If you do: - send a void request (no reply expected) with checked() - receive an event (which will have sequence number of void request) - DO NOT send another request - block for the request cookie Then things will hang. What's supposed to happen (unless I'm confused) is that xcb_request_check() does a GetInputFocus because the sequence number you're checking is newer than the expected or completed: if(XCB_SEQUENCE_COMPARE_32(cookie.sequence,>,c->in.request_expected) && XCB_SEQUENCE_COMPARE_32(cookie.sequence,>,c->in.request_completed)) { free(xcb_get_input_focus_reply(c, xcb_get_input_focus(c), &ret)); This then gets us a reply that proves the void request is complete and read_packet can mark us complete. What actually happens is this, in read_packet(): if(XCB_SEQUENCE_COMPARE(c->in.request_read, >, c->in.request_expected)) c->in.request_expected = c->in.request_read; In this case the request_read sequence number matches that of the void request, BUT it's just coming from an event, since events have the sequence number of the last request. xcb_request_check() now thinks a reply is coming for the void request, and hangs forever. I'm not sure of the exact correct fix; it worked for me avoid updating request_expected if genrep.response_type == XCB_REPLY but I can also imagine that it's correct to never update request_expected in this spot in read_packet. Apps can work around the hang by manually doing their own GetInputFocus.

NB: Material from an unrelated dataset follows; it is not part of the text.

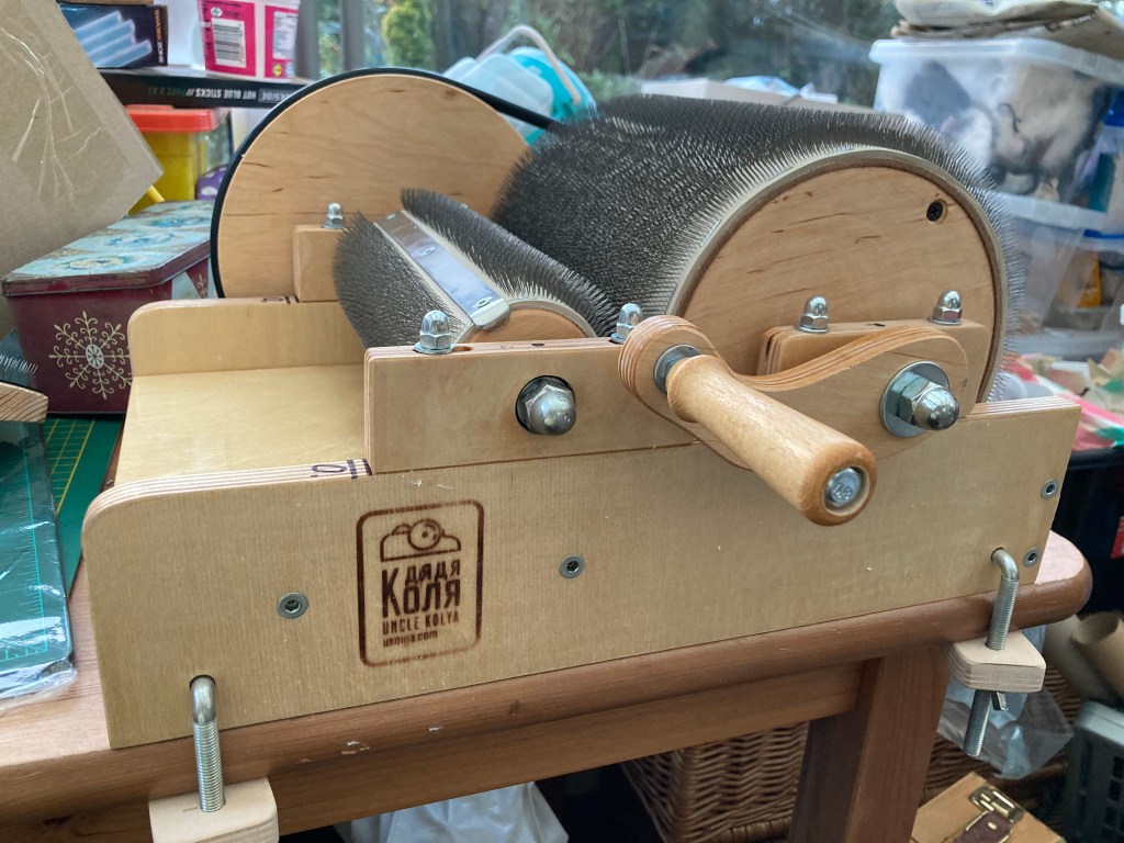 Having spent hours hand carding alpaca fibre over the last few weeks I’d been dreaming of owning a drum carder, but it did seem to be something of an extravagance until one of my fellow Knit and Natterers told me about hers. She found it on Etsy and it came from Russia. It was much cheaper than the well known makes and works really well. I looked online and found the seller. Sure enough, full size manual drum carders were available for under £200 plus post and packing and the reviews were excellent, so I took the plunge and ordered one. The only negative stated on the reviews appeared to be delivery time, but I was in no particular hurry. I was delighted when just 16 days later, on Christmas Eve, a large package arrived from Ukraine (not quite Russia). Today I finally unboxed my new drum carder and used it for the first time.

"avoid updating request_expected if genrep.response_type == XCB_REPLY" obviously should be "only update request_expected if ..."
Created attachment 37905 [details] [review] improve xcb_request_check docs I think xcb_request_check() docs assumed a bit too much, here's a patch to spell things out more.

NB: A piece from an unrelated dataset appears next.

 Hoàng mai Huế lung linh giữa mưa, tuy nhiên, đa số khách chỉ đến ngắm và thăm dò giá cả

Huh, yeah, that isn't quite right, is it? (In reply to comment #0) > if(XCB_SEQUENCE_COMPARE_32(cookie.sequence,>,c->in.request_expected) > && XCB_SEQUENCE_COMPARE_32(cookie.sequence,>,c->in.request_completed)) I think it should be correct and sufficient to change this check to be if the cookie is greater than *or equal to* request_expected. Since we have a void cookie, request_expected can't have been set equal to this sequence number when the request was sent; it can only have become equal due to the arrival of an event or error. If it became equal due to an event then we still need to sync. If it became equal due to an error, then request_completed will have been updated, which means we correctly won't sync. I don't want to change read_packet's handling of request_expected, because that's for deferring automatic syncs for 16-bit sequence number wrap as long as possible, so we'd wind up sending more syncs if we ignored events. Could you test that changing the first > to >= in xcb_request_check fixes the bug for you?

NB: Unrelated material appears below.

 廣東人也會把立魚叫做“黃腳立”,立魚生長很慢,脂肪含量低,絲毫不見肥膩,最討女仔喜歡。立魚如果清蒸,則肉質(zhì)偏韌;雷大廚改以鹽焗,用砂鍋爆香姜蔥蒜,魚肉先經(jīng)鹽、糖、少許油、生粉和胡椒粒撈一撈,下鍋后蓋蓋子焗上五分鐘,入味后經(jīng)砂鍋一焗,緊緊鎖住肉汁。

That still hangs in my test, in the backtrace looking at the connection struct, gdb shows request_expected = 17161, request_read = 17160, request_completed = 17159 At this point we are blocking for 17160 and stuck. A theory on this is that request_expected was < 17160 going into xcb_request_check, so we didn't GetInputFocus. Then we had sent some other void request, which resulted in an event with sequence 17161 while we were spinning in xcb_wait_for_reply(). This is too late to trigger the GetInputFocus.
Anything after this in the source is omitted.